Featured Designer: Light Reading

FK chats to Daryl from the wonderfully industrious label Light Reading, who will be debuting at our upcoming Melbourne markets!

Tell us a bit about Light Reading and what we can expect to discover?
Light Reading started as a bit of a strange idea on my way to work. A tiny house had a sad looking stack of pavers in the front garden that drew my eye every time I passed, so I made it my mission to help bring them back to life. After asking the nervous looking neighbours if they had any spare, Light Reading snuck onto the scene. I made an embarrassingly basic prototype and went about asking people for their opinion: new brick shapes were introduced, more colours, more titles, and more stencilly-love. I’m hoping that when someone picks one up, they are drawn to the title, shape, colours and textures it has absorbed over time. It’s really quite a romantic idea to have a thing that holds up the world we live in – the brick; combined with a story that transcends us from one world to another – the book.

What is your creative background and how did it lead you to where you are today?
I studied at the Bartlett School of Architecture in London before heading back to Australia for some much needed experience. I worked for a couple of years in a small but interesting architecture company in Melbourne with some really great people. Having a stall at the Rose St Market also really helped refine my ideas and try new ones. Since a kid though I have always been making models, designing contraptions, ‘improving things’, and scribbling down ideas in my little sketchbooks. At school I lived out of the art studios, at uni I lived out of the architecture studios, so it was only natural trying to make a little studio at home and get stuck in.

What do you love about working with books and bricks? and what keeps you creatively motivated?
Ever since I can remember, the world of reading and books has baffled me. I was always intimidated by books – especially those thick ones that seem to take an absolute age to read. I’m still amazed how books can be so creative and powerful. Juxtaposing them with the seemingly insignificant brick plays on the values we hold for each of them. I’m also very interested in people’s reactions to their everyday environments. It’s quite easy to see past the potential we are constantly surrounded by – and it’s that notion that allows plenty of opportunity for new ways of looking at things, even the humble brick!

What is your creative workspace like, and what inspires you about your surroundings?
Living in tiny apartment in Melbourne, I didn’t get much of a chance to ‘have a work space’ as I had first hoped.

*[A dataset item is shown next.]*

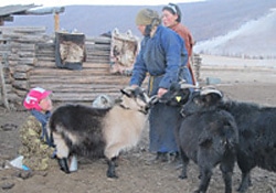 | ムルンちゃん(9歳)は、毎日家畜のヤギの世話をしている。モンゴル北部のフブスグル地方に暮らす人々は、地理的に孤立。貧しい生活を強いられている。殆どの家庭で、家畜の世話は、子どもたちの役割だ。 |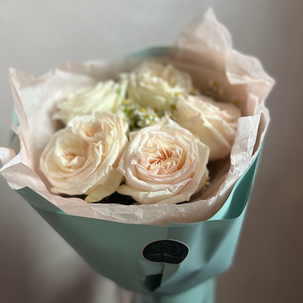 Пионовидная роза – 5 шт.Танацетум – 3 шт.декоративная упаковка – 1 шт.Атласная лента – 1 шт.

Now however, Light Reading has moved from just outside my apartment front door to the comfortable and welcoming haven of Salvage & Selvedge an awesome new shop at 78 Johnston St, Fitzroy. We get to share the rear garden with potted veggies and flowers, as well as a great workshop and timber shed. In Melbourne, you don’t have to look far for inspiration – creatively minded people are absolutely everywhere!

Where do you source the bricks for your range? and are their challenges in doing so?
After nearly depleting the brick supply from that tiny house I mentioned earlier, I embarked on a search to find a trusty second-hand brickyard that sported a wide range of bricks – so I found an old family owned business with an amazing range of bricks in the North West corner of Melbourne.
Challenges have come in all shapes and sizes: I got a complaint from my body corporate because a neighbour thought I was baking bricks in the apartment! In my 1960’s oven? I couldn’t bake a single cupcake in there. I had to stencil the bricks in the middle of the night to escape prying eyes.  Also you can only carry about half a dozen bricks at a time without having to see a chiropractor every week.

What new projects are you working on and where would you like to see Light Reading in the future?
I’m still refining Light Reading’s execution, but am experimenting with applying the thought process to other ‘forgotten objects’. I would really love to do public art – a bench here, a wall there, or even a display somewhere. Last year we auctioned 2 sets of books of Hokusai paintings to go towards the Japan Earthquake and Tsunami appeal which was really well received. I would love Light Reading to inspire people to use everyday industrial objects for something completely different. I’m still at awe that the idea has taken off, and that there are people out there that are happy to help and support you!

www.facebook.com/LightReadingMelbourne

2 Comments

  • Pippa says:

    I’m in heaven looking at these treasures, what an amazing idea! All the best Light Reading!

  • You are so clever. If you come to the Gold Coast I can give you a couple of bricks from my old home. This is a huge thing for me to say, as I love my bricks, I am just cleaning a whole pile down again to reuse. I connect with what you are doing. Keep thinking the way you think.